▼▼▼

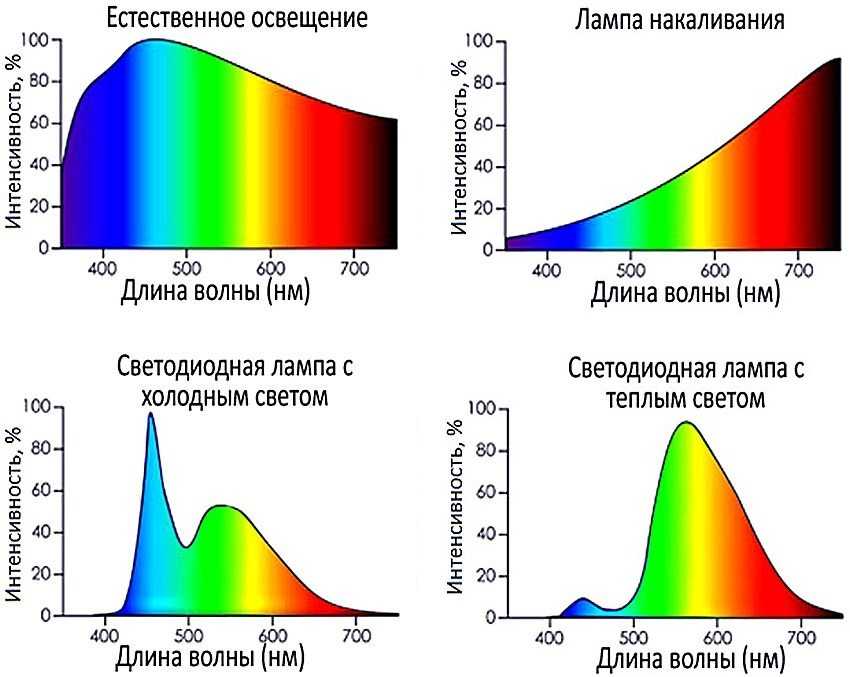 При небольшом угле свет концентрируется на участке возле лампы и захватывает небольшую полоску. Некоторые LED лампы имеют угол освещенности, равный 360 градусов Цельсия.
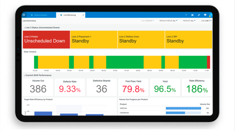 Der Echtzeitstatus der SMT-Linien wird durch klare, aggregierte Einblicke über mehrere Linien hinweg angezeigt. Die App vereinfacht die tägliche Nachverfolgung, unterstützt nahtlose Schichtübergaben und bietet erweiterte Transparenz der Linienleistung – so bleiben die Teams stets abgestimmt und proaktiv.
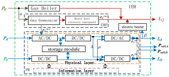 Figure 1 shows the structure of the IEH, containing equipment such as a PR, CHP, a converter, and electric heater equipment. The PR contains an information layer and a physical layer. The information layer is mainly responsible for the exchange of information with the outer structure and the control and protection of the PR; the physical layer is mainly responsible for the conversion between AC power and DC power inside the PR.

▲▲▲

*WHAT YOU ARE ASKED TO DO:*
Copy all of the listing word for word, minus the images.

*ANSWER SPACE:*
 При небольшом угле свет концентрируется на участке возле лампы и захватывает небольшую полоску. Некоторые LED лампы имеют угол освещенности, равный 360 градусов Цельсия.
 Der Echtzeitstatus der SMT-Linien wird durch klare, aggregierte Einblicke über mehrere Linien hinweg angezeigt. Die App vereinfacht die tägliche Nachverfolgung, unterstützt nahtlose Schichtübergaben und bietet erweiterte Transparenz der Linienleistung – so bleiben die Teams stets abgestimmt und proaktiv.
 Figure 1 shows the structure of the IEH, containing equipment such as a PR, CHP, a converter, and electric heater equipment. The PR contains an information layer and a physical layer. The information layer is mainly responsible for the exchange of information with the outer structure and the control and protection of the PR; the physical layer is mainly responsible for the conversion between AC power and DC power inside the PR.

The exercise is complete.